Work to be completed: Would you retype exactly the lines below, from the one containing "雲林縣西螺鎮 正興里(Zhengxing Village) 震災疏散避難圖" through the end of the entries, both ends included, but not the pictures?

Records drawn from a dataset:

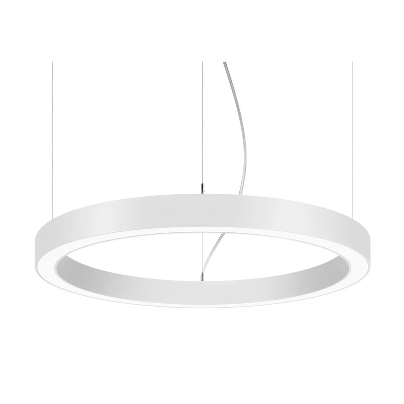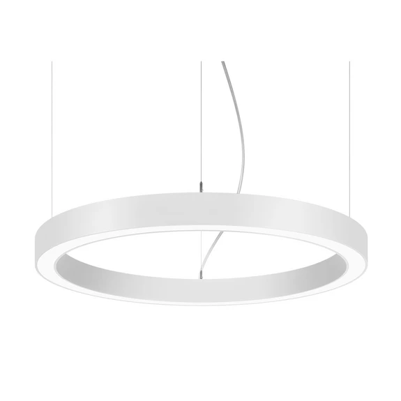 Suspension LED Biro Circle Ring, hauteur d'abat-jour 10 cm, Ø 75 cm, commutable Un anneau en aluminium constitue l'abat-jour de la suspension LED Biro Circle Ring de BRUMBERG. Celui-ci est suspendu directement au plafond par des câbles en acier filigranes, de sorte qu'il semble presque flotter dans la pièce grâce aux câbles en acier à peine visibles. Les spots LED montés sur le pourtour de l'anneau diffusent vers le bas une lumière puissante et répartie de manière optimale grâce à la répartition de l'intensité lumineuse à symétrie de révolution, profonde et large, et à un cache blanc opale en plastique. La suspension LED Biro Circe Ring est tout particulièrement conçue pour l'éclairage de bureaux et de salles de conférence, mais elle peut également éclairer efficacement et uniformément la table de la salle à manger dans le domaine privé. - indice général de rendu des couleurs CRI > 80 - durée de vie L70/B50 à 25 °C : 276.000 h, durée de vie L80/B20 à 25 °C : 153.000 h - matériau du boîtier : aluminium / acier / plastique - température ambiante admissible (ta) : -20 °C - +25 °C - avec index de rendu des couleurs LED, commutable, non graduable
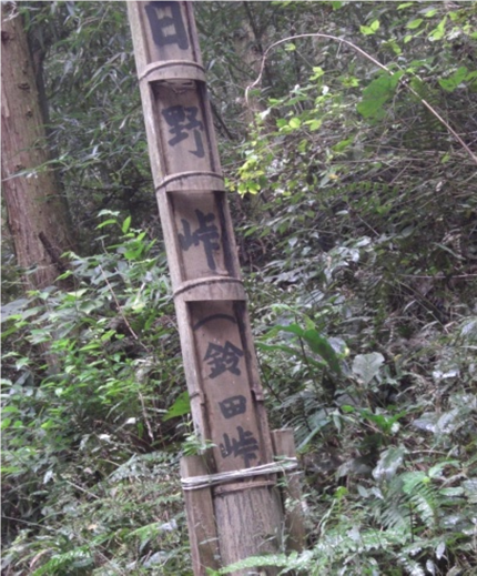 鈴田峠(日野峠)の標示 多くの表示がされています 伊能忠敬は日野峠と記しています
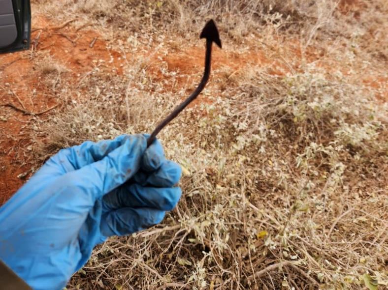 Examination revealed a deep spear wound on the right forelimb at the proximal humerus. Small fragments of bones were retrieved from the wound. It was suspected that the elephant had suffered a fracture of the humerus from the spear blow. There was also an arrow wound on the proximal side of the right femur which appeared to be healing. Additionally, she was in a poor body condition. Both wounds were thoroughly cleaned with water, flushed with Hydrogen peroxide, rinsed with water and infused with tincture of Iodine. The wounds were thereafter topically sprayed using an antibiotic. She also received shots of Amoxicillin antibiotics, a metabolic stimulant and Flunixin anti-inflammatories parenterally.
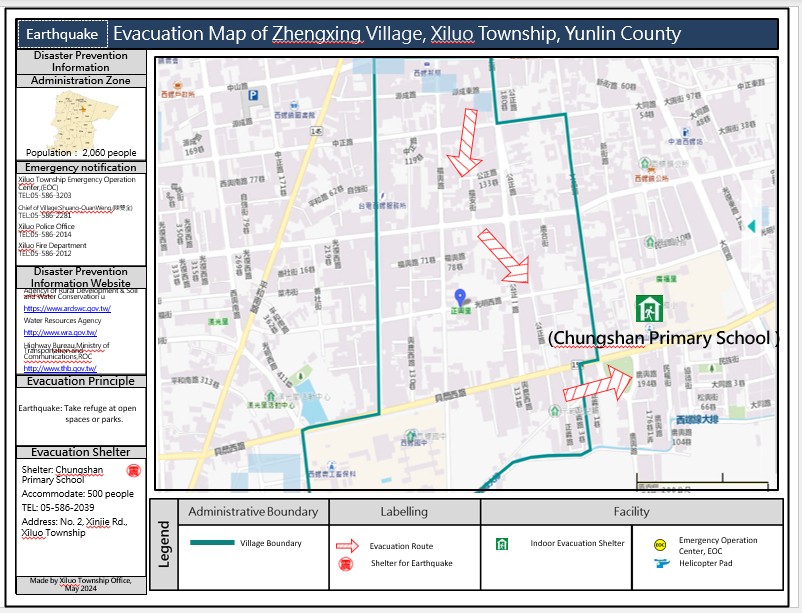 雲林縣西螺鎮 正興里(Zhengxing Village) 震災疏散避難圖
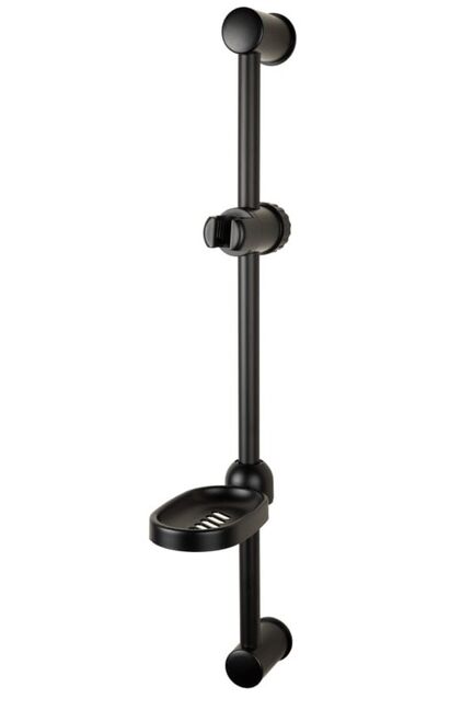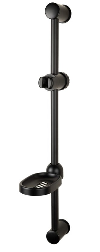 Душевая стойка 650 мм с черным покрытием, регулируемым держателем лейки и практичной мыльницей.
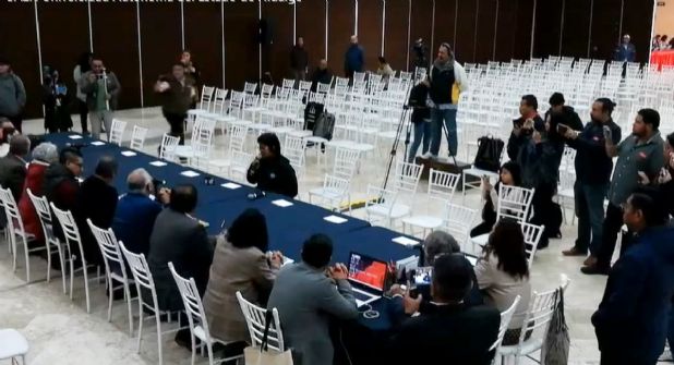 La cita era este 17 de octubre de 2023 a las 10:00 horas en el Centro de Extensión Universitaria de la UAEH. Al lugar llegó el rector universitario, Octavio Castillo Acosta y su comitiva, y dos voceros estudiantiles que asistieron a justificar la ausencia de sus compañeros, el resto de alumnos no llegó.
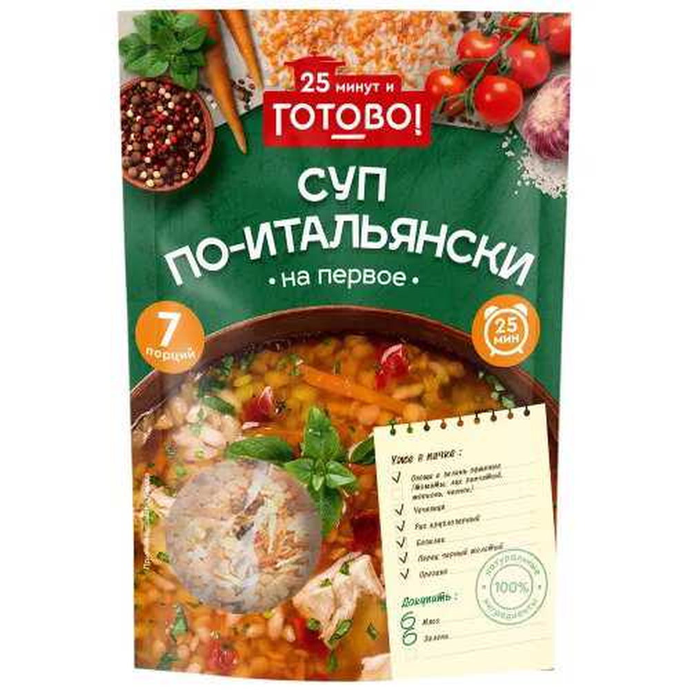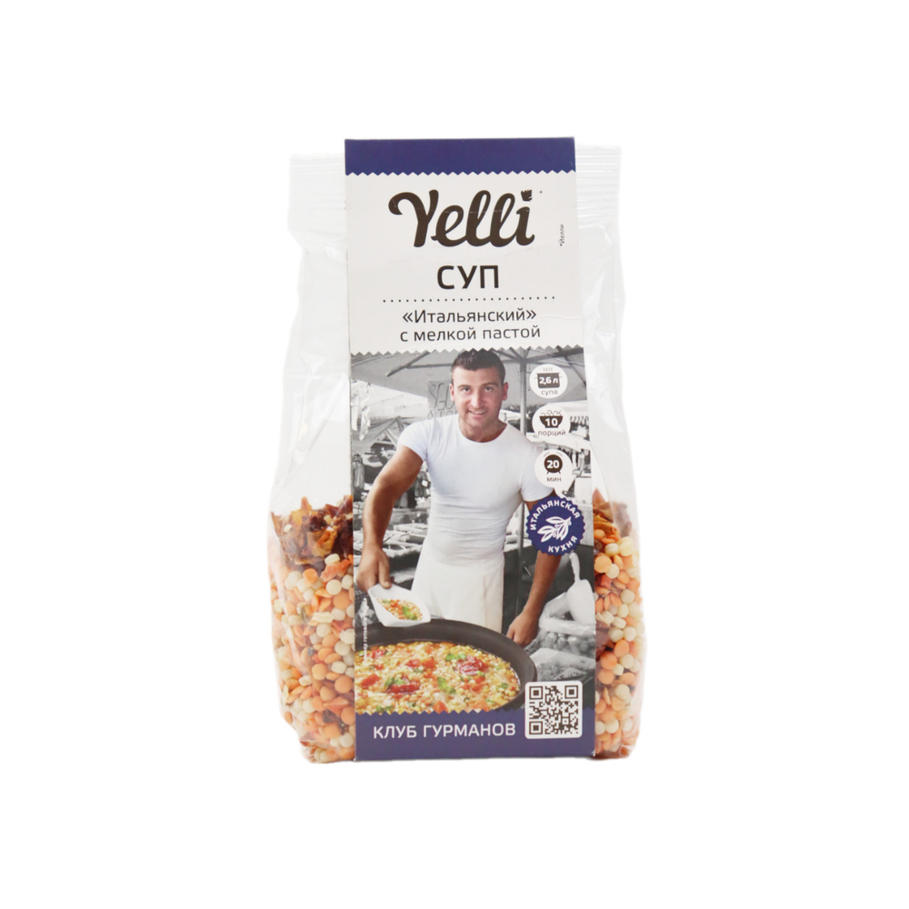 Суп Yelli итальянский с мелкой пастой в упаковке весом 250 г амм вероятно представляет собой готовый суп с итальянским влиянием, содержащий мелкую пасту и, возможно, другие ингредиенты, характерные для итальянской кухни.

Your response:
 雲林縣西螺鎮 正興里(Zhengxing Village) 震災疏散避難圖
 Душевая стойка 650 мм с черным покрытием, регулируемым держателем лейки и практичной мыльницей.
 La cita era este 17 de octubre de 2023 a las 10:00 horas en el Centro de Extensión Universitaria de la UAEH. Al lugar llegó el rector universitario, Octavio Castillo Acosta y su comitiva, y dos voceros estudiantiles que asistieron a justificar la ausencia de sus compañeros, el resto de alumnos no llegó.
 Суп Yelli итальянский с мелкой пастой в упаковке весом 250 г амм вероятно представляет собой готовый суп с итальянским влиянием, содержащий мелкую пасту и, возможно, другие ингредиенты, характерные для итальянской кухни.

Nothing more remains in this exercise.